Poynter Online’s Mallary Jean Tenore looks at how technology is giving long-form journalism another chance at survival.
“Five guys,” Tenore writes, “…have found ways to use Web tools to renew attention to long-form journalism, increase its shelf life and make it easier for people to consume and share it.”
First, there’s Nate Weiner. He likes to read long-form articles, but couldn’t find a good way to save them for later. He created Read It Later, which allows people to save online stories for offline use. In just three years, the tool has over three million users.
Tenore spoke with Weiner, writing:
“Weiner said he’s talked recently with journalists and publishers about the importance of making it easy for readers to save stories — particularly longer-form ones that take awhile to produce and can get easily lost among other content on a news org’s website.
“The biggest question he gets from publishers is, “Why would we want to allow the reader to read off our site, away from our advertising and other articles?”
“Read It Later is essentially the article’s second chance.
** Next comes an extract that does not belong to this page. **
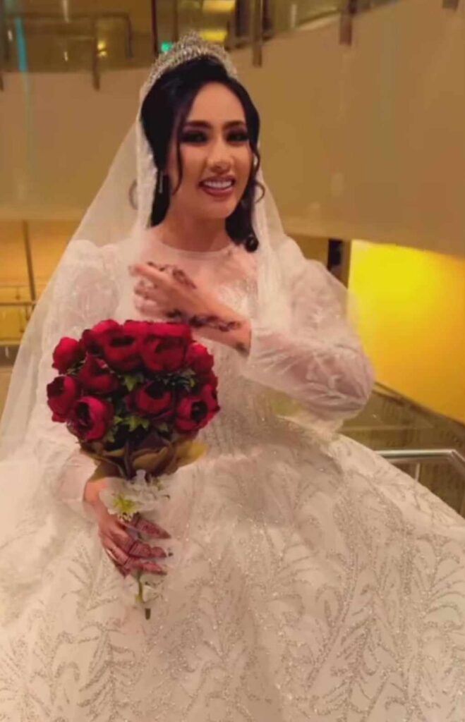 وبحسب رصد ومتابعة محرر موقع النيلين فقد أظهر المقطع المتداول المذيعة الملقبة بفاتنة الإعلام السوداني وهي عروس بفستان الزفاف.

It actually improves the likelihood that the article will be seen,” Weiner said via e-mail. “If any article is there, the user put it there. And in order for a user to have put it there, they would have to have visited the publisher’s site.”
In a similar project, Marco Arment (the lead developer behind Tumblr) created Instapaper, which allows users to save web pages so they can read them offline. The service boasts a few hundred thousand users and about three million page views a month.
Instapaper inspired Max Linksy and Aaron Lammer to create Longform.org, which aggregates long-form journalism from as far back as 1899.